Just a little warning, I thought my wife was aware of the real me until she found the link to here and all hell broke loose. I have never had her paint my toe nails nor give me her underwear but I thought she was aware in other ways. We talked about fashion we liked including makeup and especially heels and styles of dresses we liked. I couldn't however have been further from the truth.

Just before I was about to tell her she read some of my posts here and we had a very stressful few weeks.

On a positive note I think if I had told her first things might not have been so bad.

Anyway good luck Paula and I hope all goes well.

Shelley

Kendall:
Either she will or she wont. Its already pretty much decided how she will react, in her mind somewhere. Good or Bad, you can only try to deliver it the best you can. You have very little control how she will actually respond. Some already have it in them that they will accept it. Some no matter what you do will never accept it. Just hope the luck is with you. And maybe she saw this in you already escpecially if she is bi.

Your boys is another story and may affect how she feels also.

stephanie_craxford:
Hello Paula,

In an earlier post you mentioned that you had
--- Quote ---"an appointment to see a Licensed Clinical Psychologist Specializing in sexual identity issues"
--- End quote ---
  Have you been to this appointment yet?  You seem to rushing ahead without making sure that is the right thing to do.  Painting piggies, and pink panties does not mean that your wife will support you transitioining to a female, she may be taking this as  a little bit of fun to spice up the marriage.  You yourself said that you only thought that she was "Bi"

As Kendra mentioned there is always one way to find out and that she will either support you or she won't.  But before you make any moves, be sure you are aware of the possible consequences, and that you are willing to accept them.  Remember you have been together for 23 years.

I don't wish to rain on your parade but personally I would wait until you have seen your therapist, and after a few sessions see where you stand and if your mind is still the same.  I would hate to see you make a horrible mistake that you would regret for the rest of your life.

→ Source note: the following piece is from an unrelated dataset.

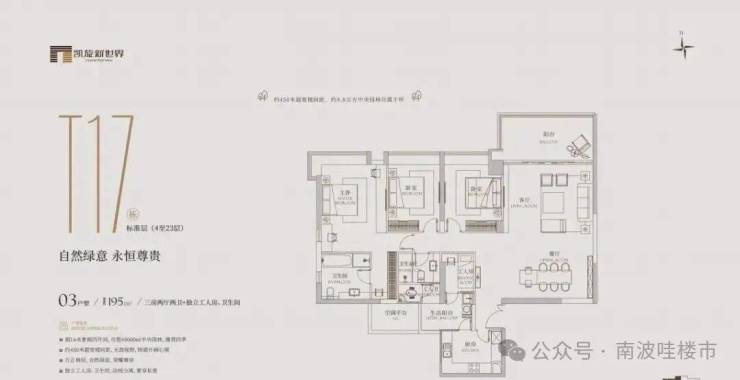 有172㎡、195㎡等多种面积。其中,172㎡的三房分布在t10、t26栋的3-9层,2梯3-4户,有三房两卫;195㎡的三房在t17栋的3-26层,2梯4户,有三房两卫。LDKB 一体化会客厅,朋友聚会超有面儿。
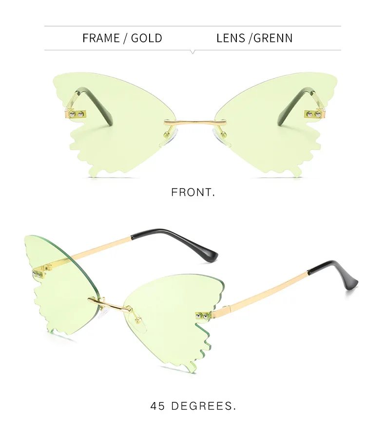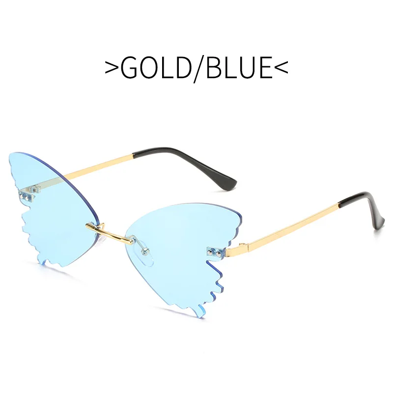 Модные женские солнцезащитные очки без оправы в стиле ретро со стрекозой и крыльями, женские праздничные очки с желтыми градиентными линзами UV400

Be patient Hun, another short wait for therapy won't be too hard to handle.

Take care,

Steph

Cassandra:
Hi Paula,

Once again Steph has pointed out exactly what I was thinking. Gosh, we think a lot alike Steph. Are you sure you're not my long lost twin sister seperated at birth?  ;D

Any way, Paula, like Steph said, don't confuse a little bedroom fun and games for some implied indication that she will accept you transitioning to a woman, nor that she is bi. She probably thought you were joking about the panties since she had just painted your toe nails. Lots of women like to paint their boyfriends or husbands toenails every now and then just for fun. Especially if they are bored wanting to do a makeover and your the only one or only thing available. Heck I've known girls who used their dogs as guenie pigs for these experiments.

Slow down. Take your time. No need to rush especially when children are involved. At this point assume nothing. Talk to your therapist and keep your internet files cleaned out if you know what's good for you.

When I came out to my wife it was in a fit of anger and I didn't care. The urge to tell had been welling up inside me for a long time and it just popped out. For me it worked out great, that's because my wife is a rare and precious jewel. You may not be so lucky. Have a care and procede with caution.